Try it:
Starting at the line containing "枯叶女王针对附带灼烧、潮湿或" and ending at the line containing "商品收盘情况:布伦特原油期货", transcribe the listing below exactly. Keep both end lines, skip the pictures, and copy nothing else.

[[ Supplied data, beginning ]]

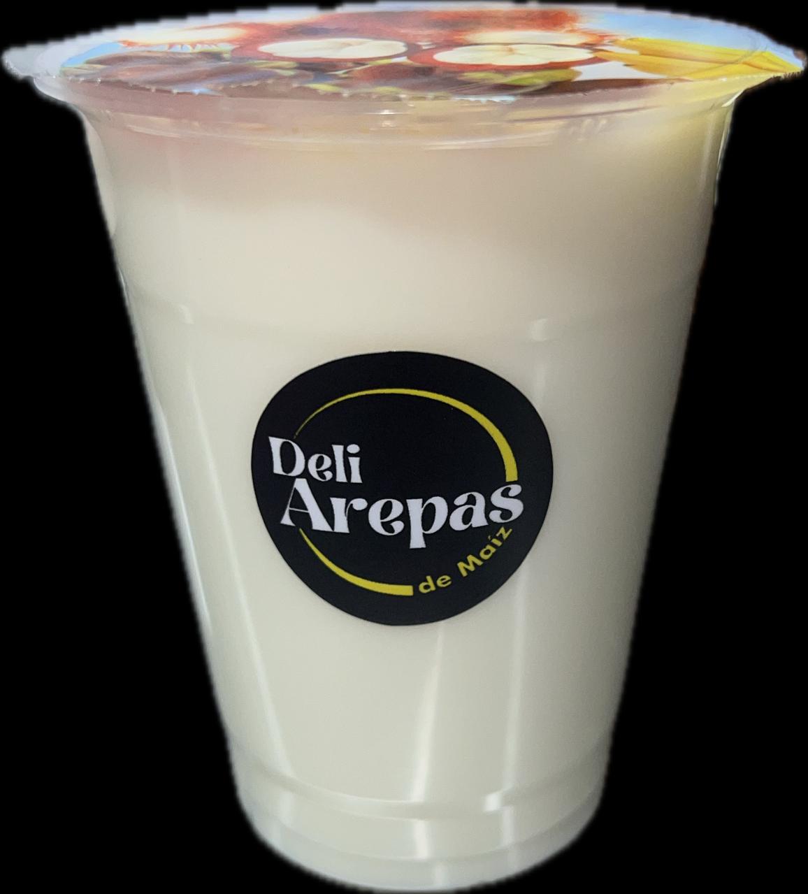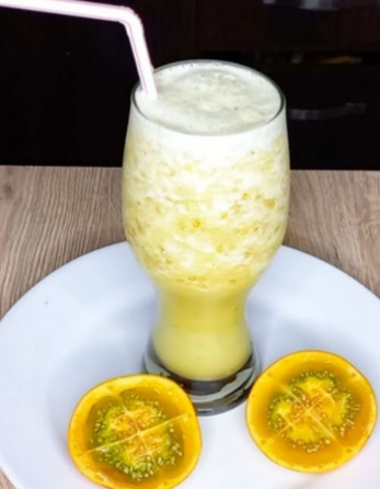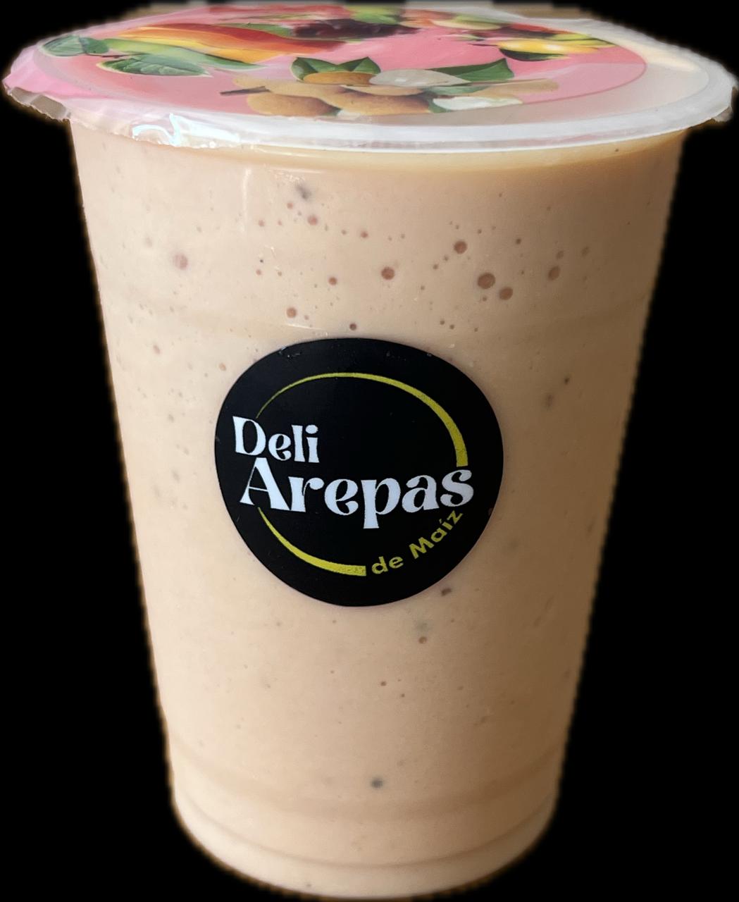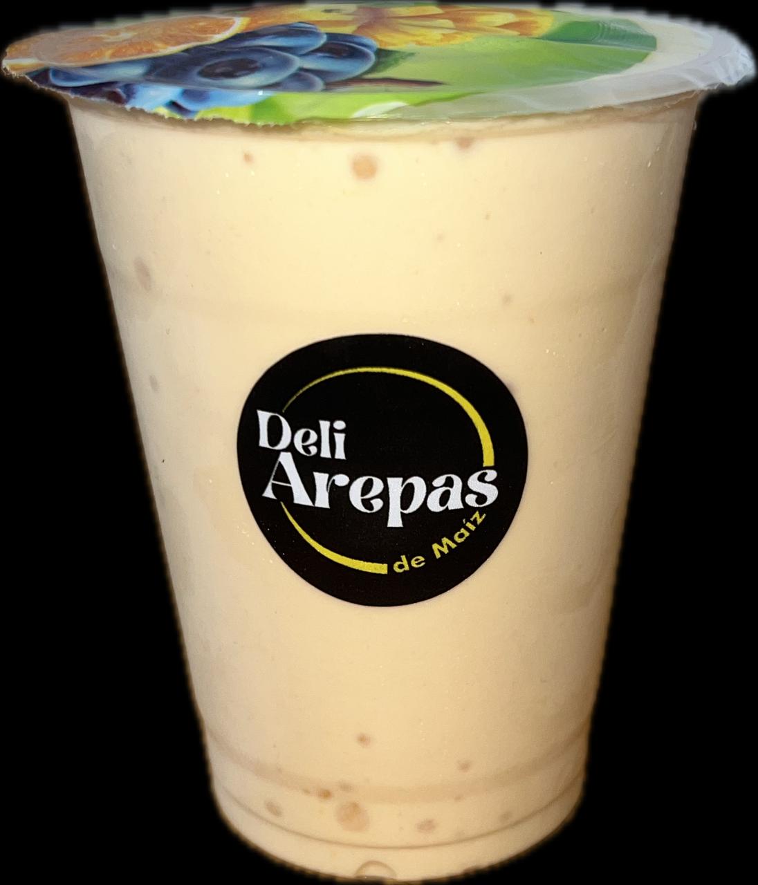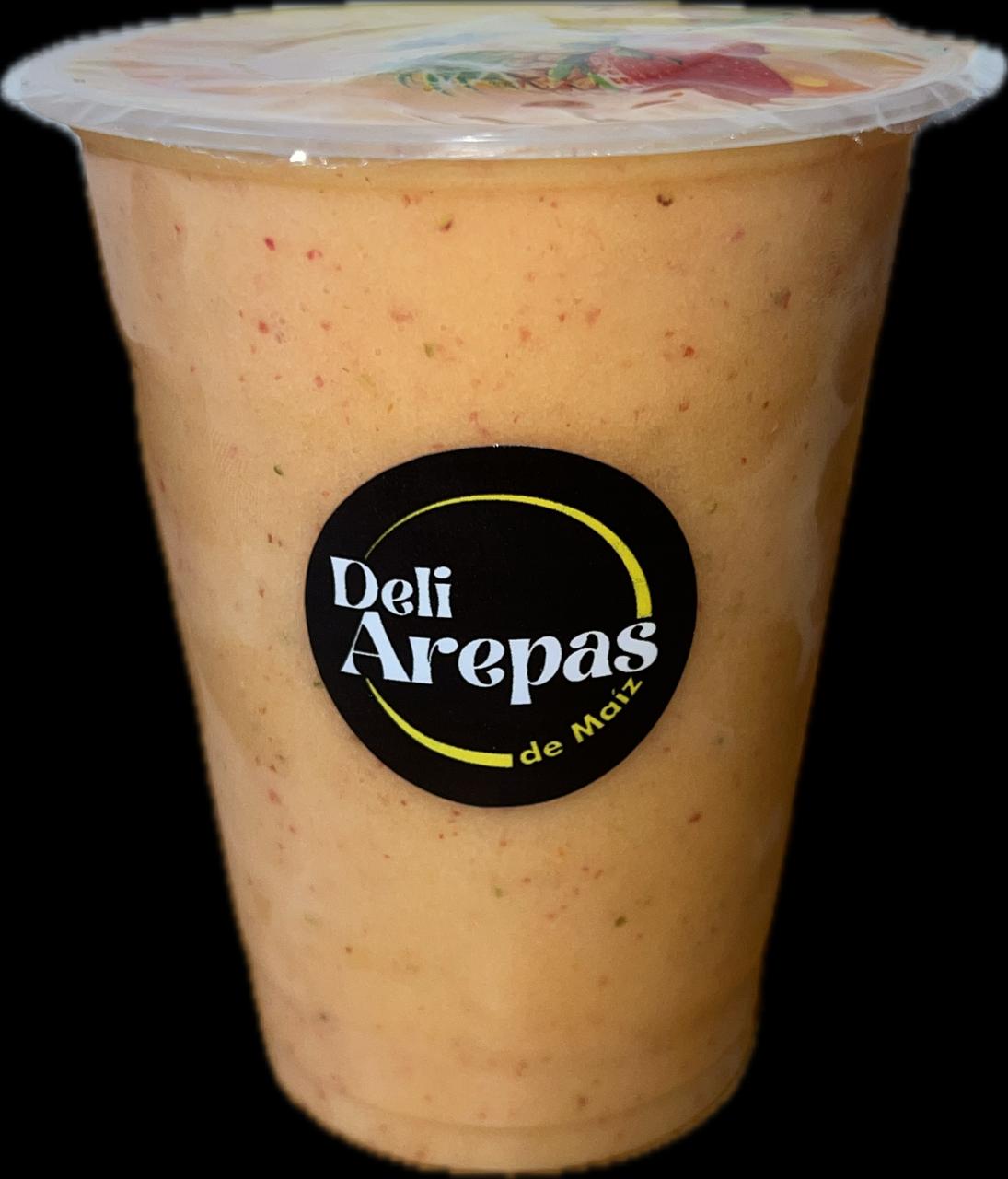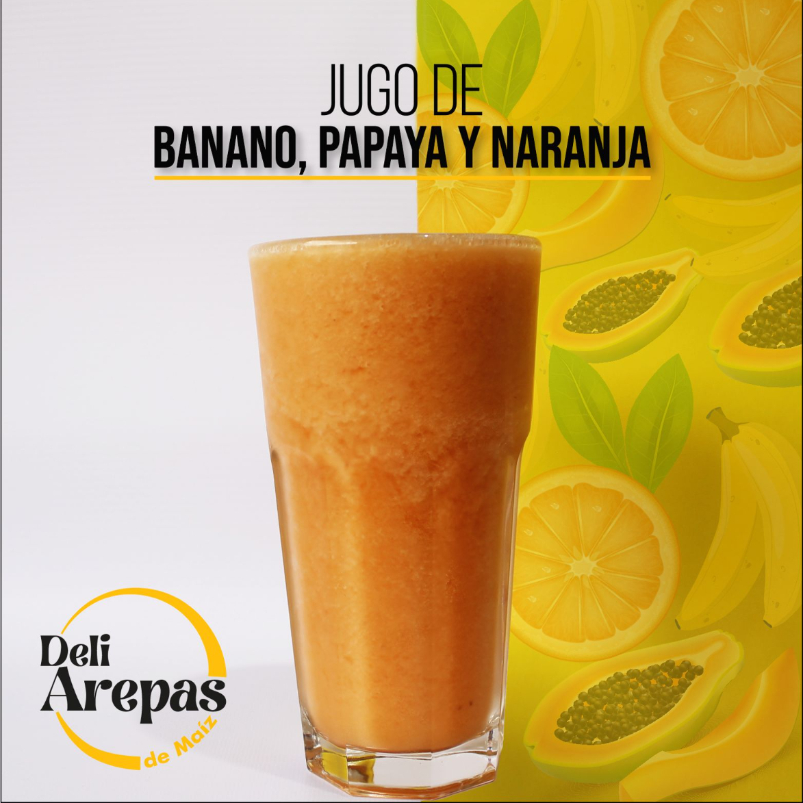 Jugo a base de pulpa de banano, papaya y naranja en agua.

[[ Supplied data, end ]]
[[ Supplied data, beginning ]]

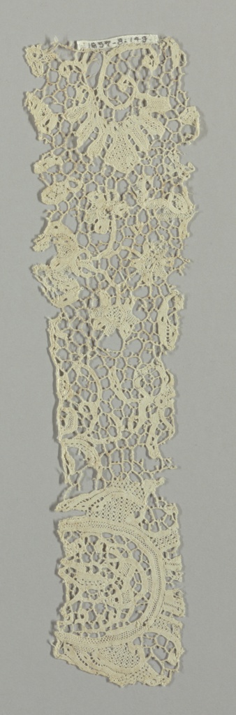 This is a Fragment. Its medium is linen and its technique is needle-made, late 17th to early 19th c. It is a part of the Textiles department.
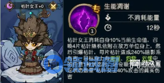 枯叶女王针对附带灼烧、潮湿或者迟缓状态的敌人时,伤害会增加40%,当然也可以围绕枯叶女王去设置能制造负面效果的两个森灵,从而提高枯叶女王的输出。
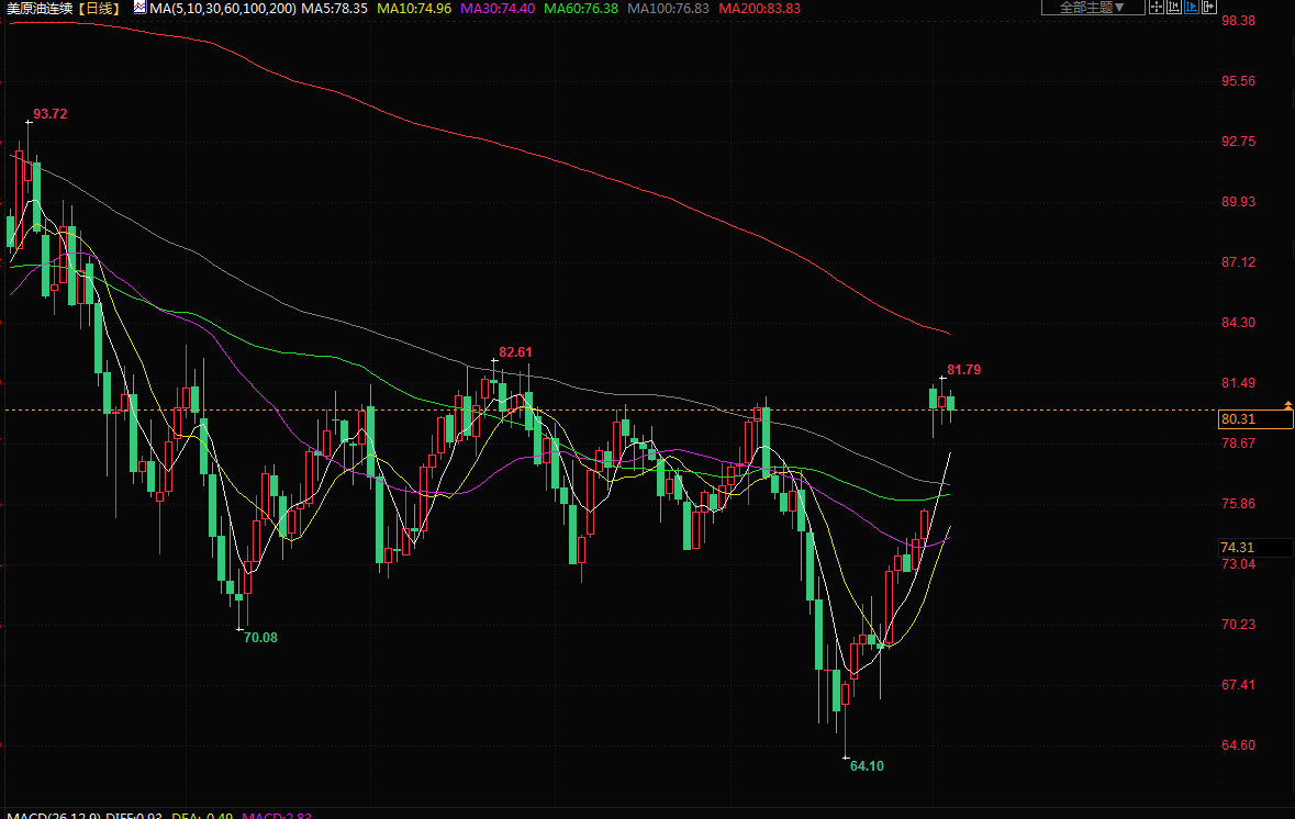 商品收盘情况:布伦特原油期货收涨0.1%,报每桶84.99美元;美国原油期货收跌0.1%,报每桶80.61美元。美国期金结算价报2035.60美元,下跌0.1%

[[ Supplied data, end ]]

Solution for this task:
 枯叶女王针对附带灼烧、潮湿或者迟缓状态的敌人时,伤害会增加40%,当然也可以围绕枯叶女王去设置能制造负面效果的两个森灵,从而提高枯叶女王的输出。
 商品收盘情况:布伦特原油期货收涨0.1%,报每桶84.99美元;美国原油期货收跌0.1%,报每桶80.61美元。美国期金结算价报2035.60美元,下跌0.1%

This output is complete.